- Born: 1938 (age 87–88) Aligarh, Uttar Pradesh, India
- Occupation: Cardiologist
- Parent: Ajmal Hasan Khan
- Awards: Padma Shri IMA Certificate of Honour
- Website: Official web site

= Mansoor Hasan =

Indian cardiologist

Mansoor Hasan Khan, is an Indian cardiologist, known for his contributions towards the setting up of Lari Cardiology Centre at King George's Medical University, Lucknow. The Government of India honored Hasan in 2011, with the fourth highest civilian award of Padma Shri.

==Biography==
Mansoor Hasan was born in 1938 in Aligarh district, in the Indian state of Uttar Pradesh, in a socially known Pathan family which migrated from the Afghan mountains in the 17th century. His father, Ajmal Hasan Khan, a medical practitioner, was the grand son of Abdul Majeed Khwaja, who co-founded Jamia Millia Islamia and his mother came from the family of the Nawabs of Bhopal. He did his early schooling in Aligarh and completed intermediate examination from the Government College there. His graduate studies were in London which was followed by higher studies at the Royal College of Physicians of Edinburgh from where he obtained the degree of MRCP in 1964. His career began in 1962 at King George's Medical University where he taught till his retirement in 1996 as the Head of the Cardiology department. During a brief interlude, he also had special training in cardiology at London. Post retirement, Hasan is associated with Sahara Hospital, Lucknow.

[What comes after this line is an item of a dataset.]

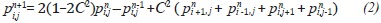 A graphical representation of the stencil used to implement the Equation 2 is shown in Figure 1. A single point,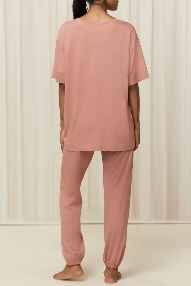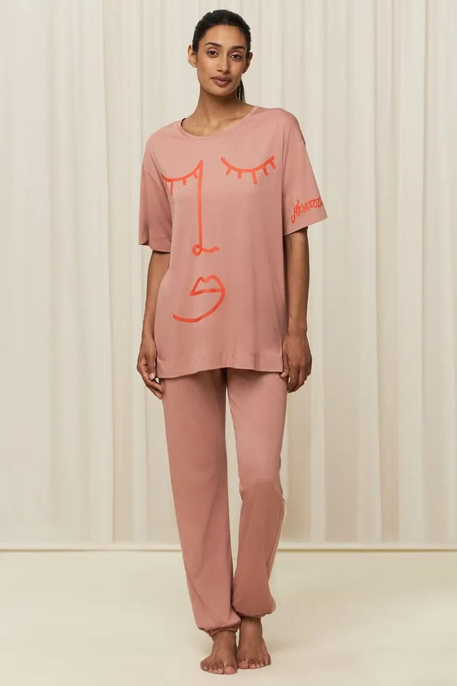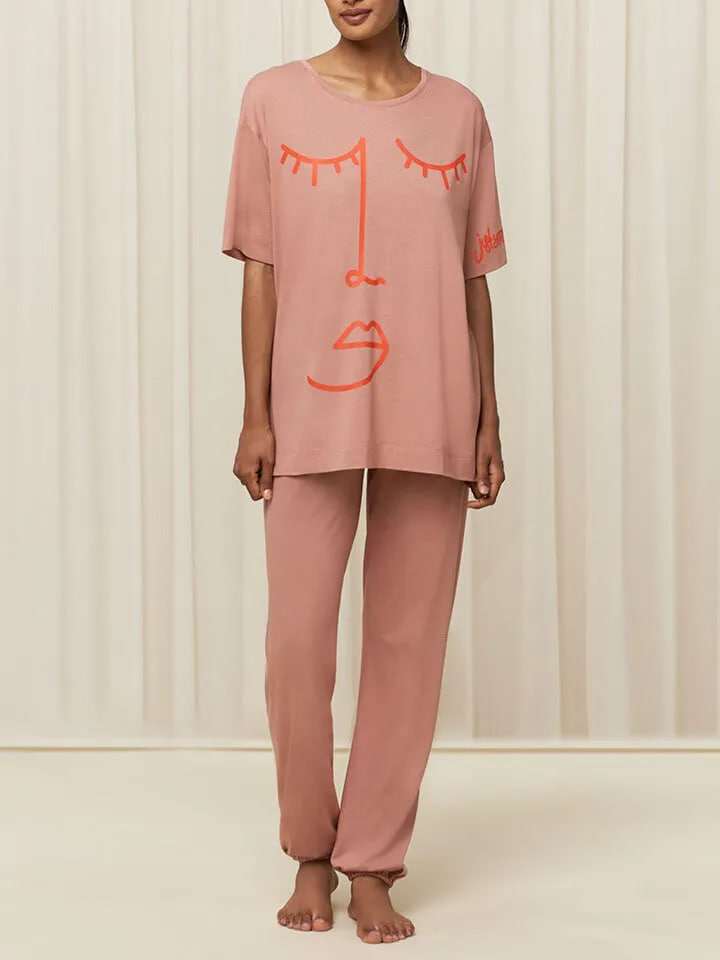 Женский пижамный Комплект Triumphсвободного кроя с футболкой с короткими рукавами и принтом спереди и однотонными брюками с эластичными манжетами.

Mansoor Hasan is a former president of the Cardiological Society of India and a consultant to the Armed Forces of India, Cromwell Hospital, London and Escorts Hospital, New Delhi. He is a member of the Executive councils of Aligarh Muslim University, Jamia Millia Islamia, the University of Kanpur and the University of Lucknow. He is credited with over 50 publications in national and international journals and has guided more than 30 MD students. A recipient of the Certificate of Honour from the Indian Medical Association, Lucknow chapter, Hasan was awarded Padma Shri by the Government of India in 2011, for his contributions to the field of medicine.